### Assignment
Your copy should repeat the data that follows exactly and contain no image.

### Information provided
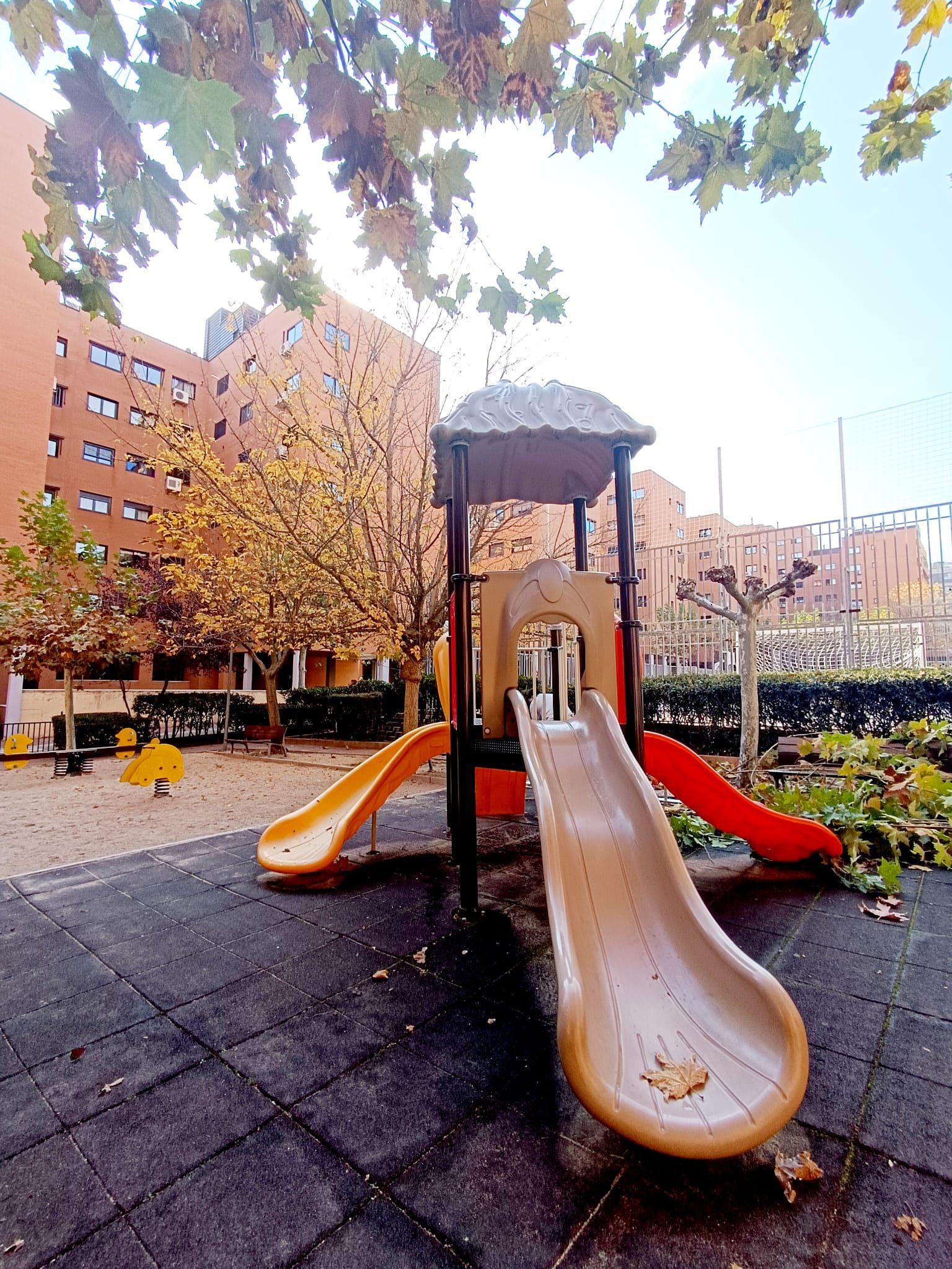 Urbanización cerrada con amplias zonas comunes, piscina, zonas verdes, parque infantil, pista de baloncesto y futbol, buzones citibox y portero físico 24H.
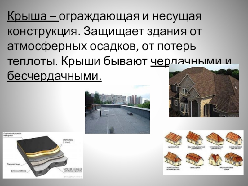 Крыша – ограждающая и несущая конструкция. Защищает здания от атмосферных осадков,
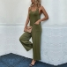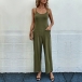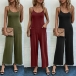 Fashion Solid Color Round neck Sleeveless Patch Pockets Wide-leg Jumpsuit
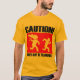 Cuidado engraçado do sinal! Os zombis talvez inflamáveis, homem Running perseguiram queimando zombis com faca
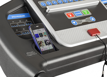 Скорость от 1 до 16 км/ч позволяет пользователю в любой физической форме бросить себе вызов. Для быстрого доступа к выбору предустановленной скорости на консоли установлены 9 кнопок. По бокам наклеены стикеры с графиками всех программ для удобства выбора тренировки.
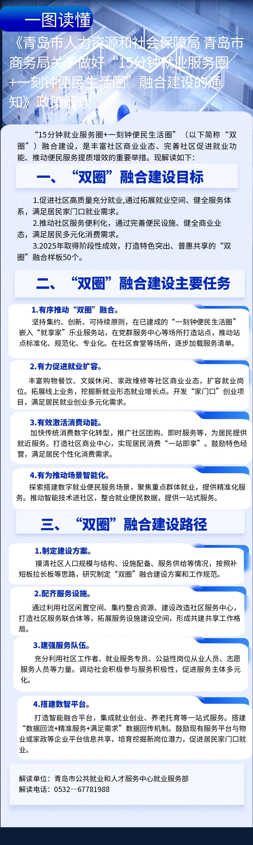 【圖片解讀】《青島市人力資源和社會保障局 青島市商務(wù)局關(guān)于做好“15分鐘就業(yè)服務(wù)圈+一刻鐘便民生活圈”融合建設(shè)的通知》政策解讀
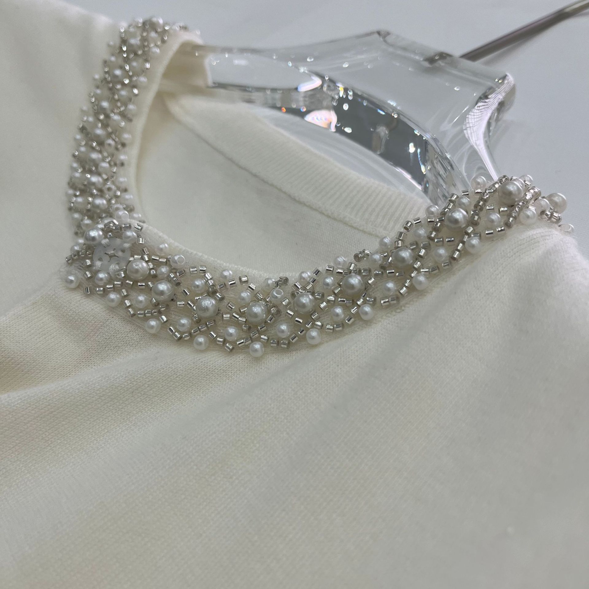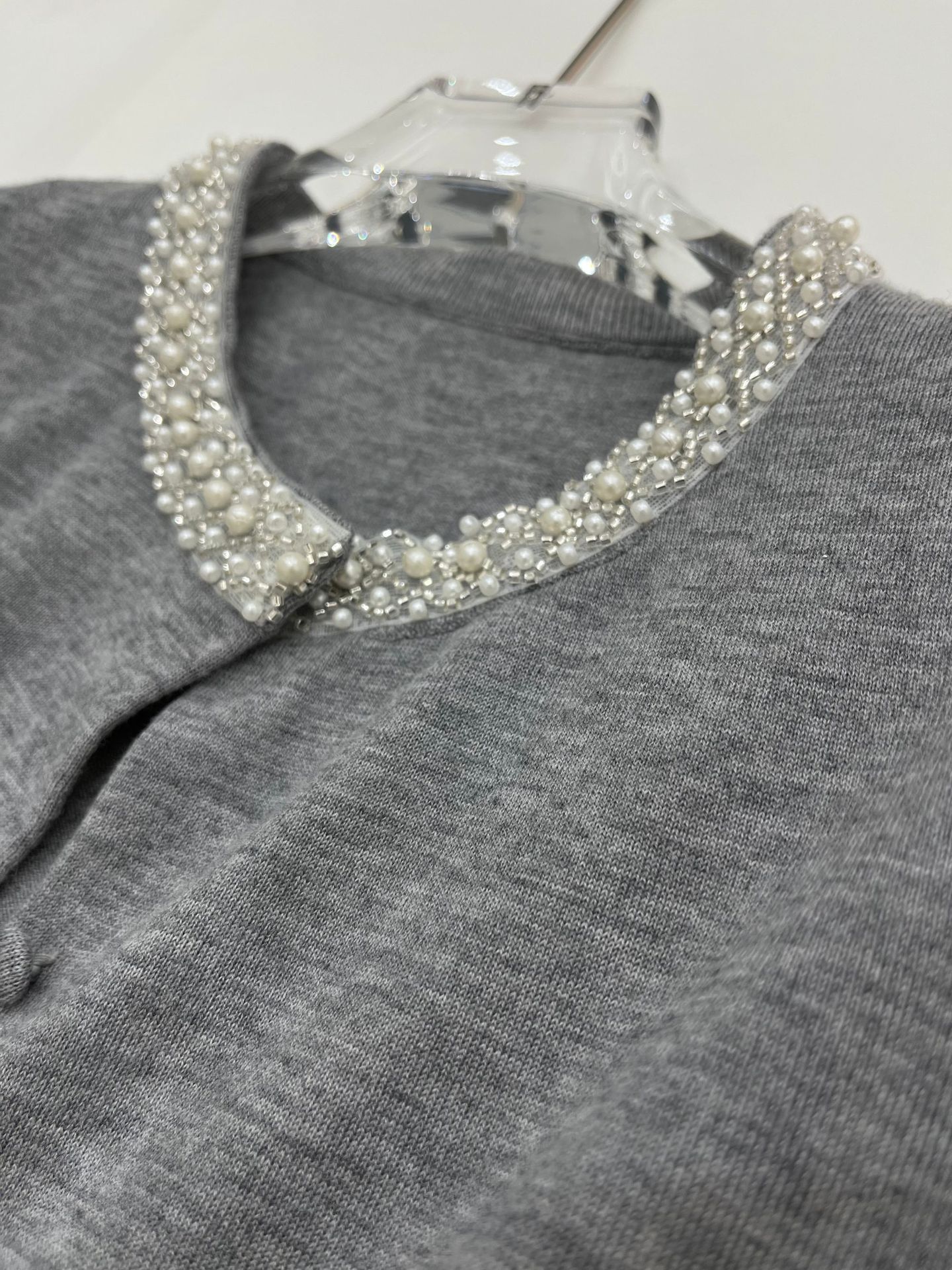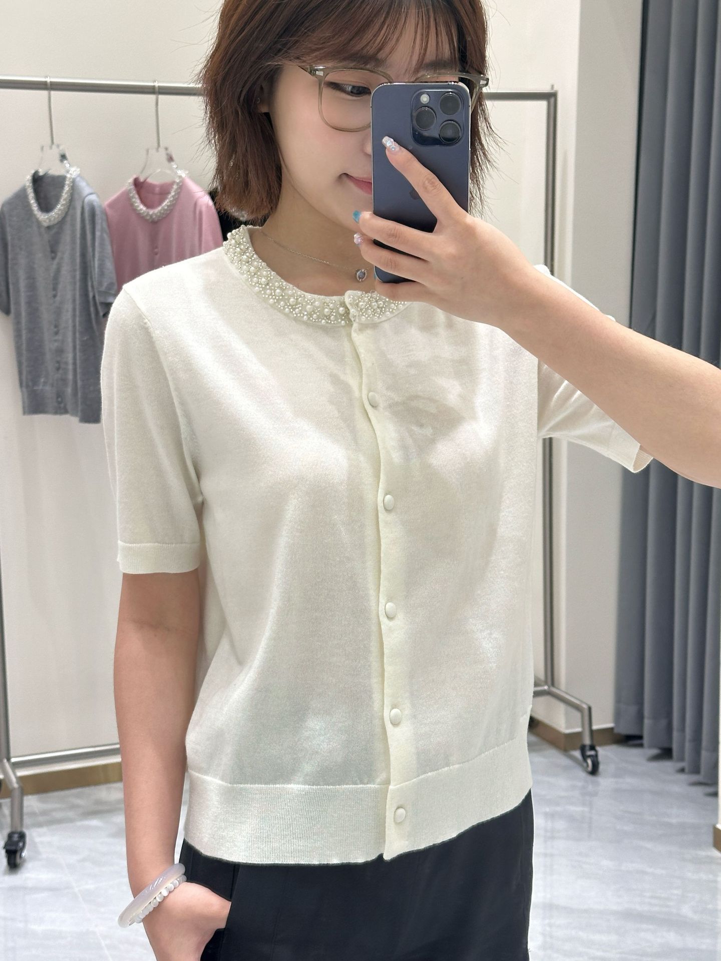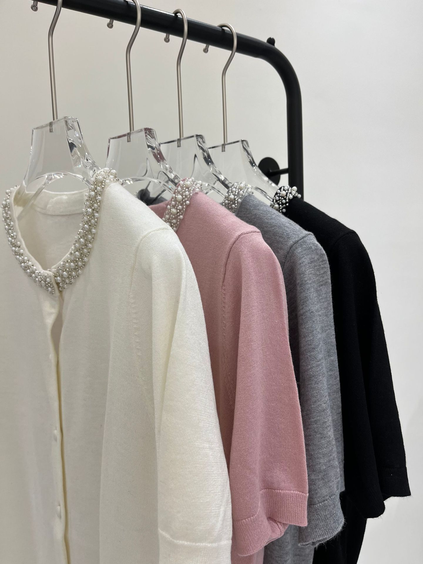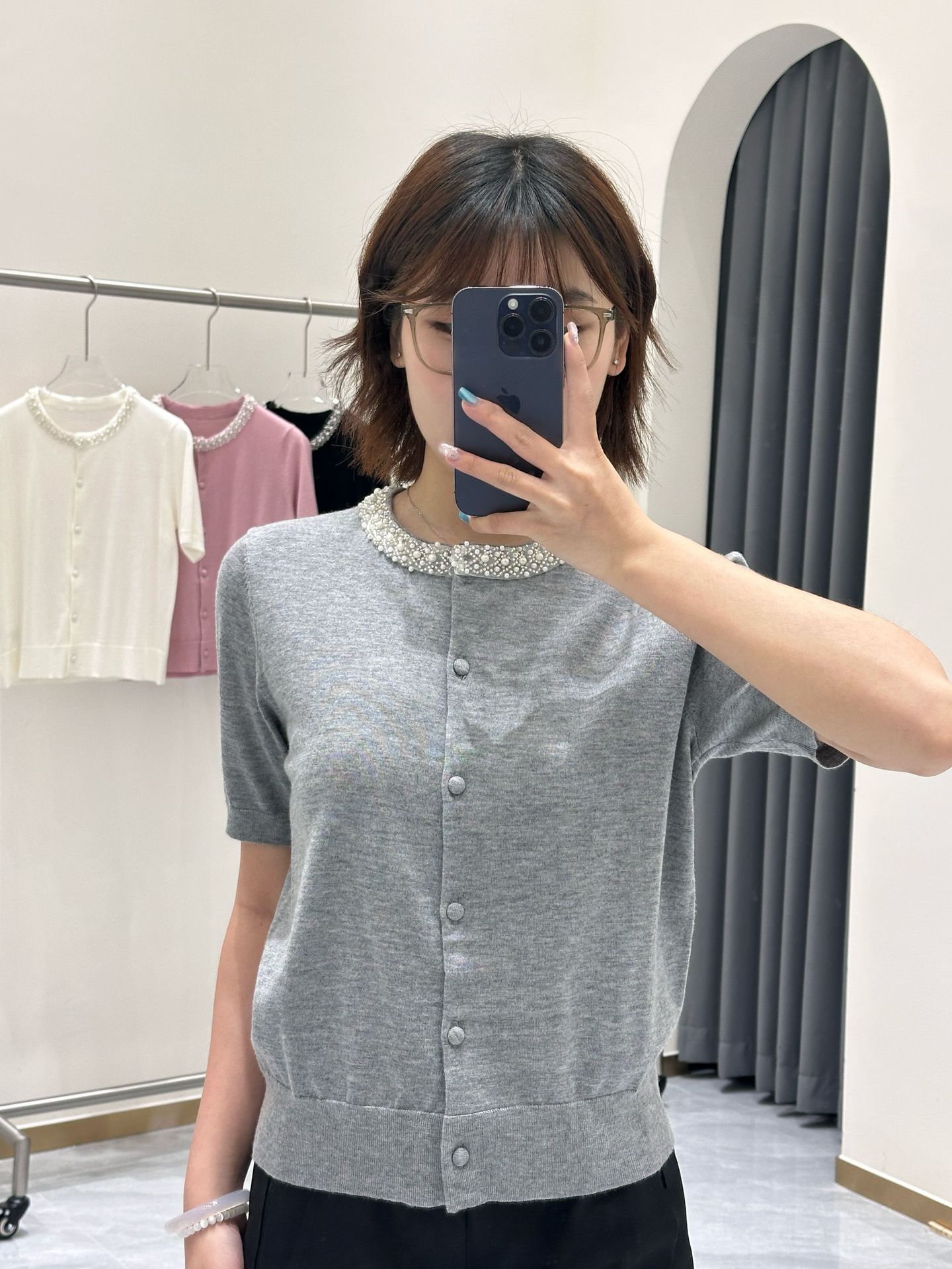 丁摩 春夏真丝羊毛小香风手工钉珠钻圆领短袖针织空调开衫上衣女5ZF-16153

### Reply to the task
 Urbanización cerrada con amplias zonas comunes, piscina, zonas verdes, parque infantil, pista de baloncesto y futbol, buzones citibox y portero físico 24H.
 Крыша – ограждающая и несущая конструкция. Защищает здания от атмосферных осадков,
 Fashion Solid Color Round neck Sleeveless Patch Pockets Wide-leg Jumpsuit
 Cuidado engraçado do sinal! Os zombis talvez inflamáveis, homem Running perseguiram queimando zombis com faca
 Скорость от 1 до 16 км/ч позволяет пользователю в любой физической форме бросить себе вызов. Для быстрого доступа к выбору предустановленной скорости на консоли установлены 9 кнопок. По бокам наклеены стикеры с графиками всех программ для удобства выбора тренировки.
 【圖片解讀】《青島市人力資源和社會保障局 青島市商務(wù)局關(guān)于做好“15分鐘就業(yè)服務(wù)圈+一刻鐘便民生活圈”融合建設(shè)的通知》政策解讀
 丁摩 春夏真丝羊毛小香风手工钉珠钻圆领短袖针织空调开衫上衣女5ZF-16153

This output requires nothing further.